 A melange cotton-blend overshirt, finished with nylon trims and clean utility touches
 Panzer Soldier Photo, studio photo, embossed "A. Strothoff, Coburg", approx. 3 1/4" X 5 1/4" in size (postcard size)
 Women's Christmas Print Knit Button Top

────

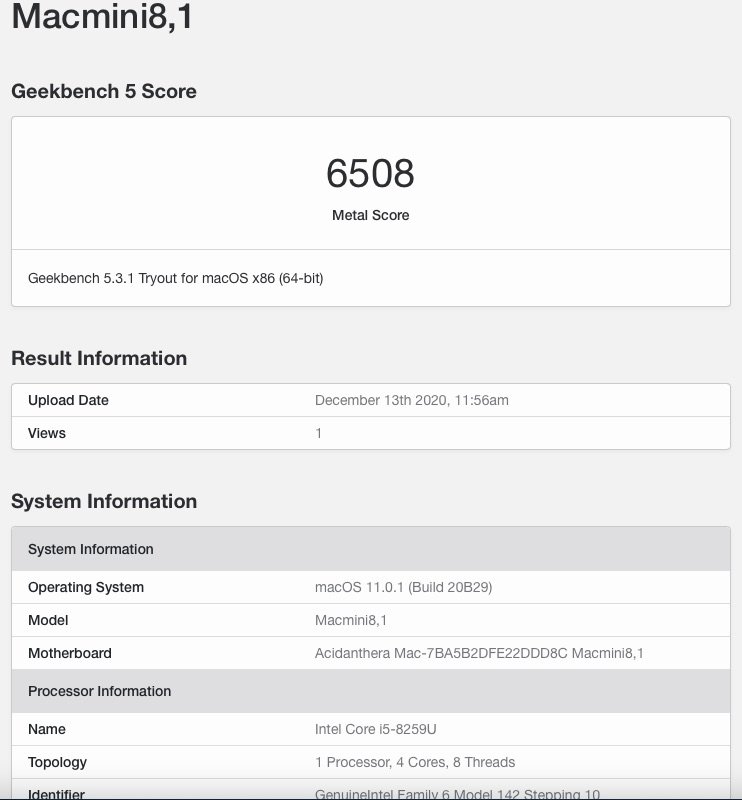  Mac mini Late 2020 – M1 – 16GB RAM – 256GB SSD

────

### What needs to be done
Return word for word the lines above from the line with "A melange cotton-blend" to the line with "Women's Christmas Print Knit Button Top", including both and leaving out all others.

### Task result
 A melange cotton-blend overshirt, finished with nylon trims and clean utility touches
 Panzer Soldier Photo, studio photo, embossed "A. Strothoff, Coburg", approx. 3 1/4" X 5 1/4" in size (postcard size)
 Women's Christmas Print Knit Button Top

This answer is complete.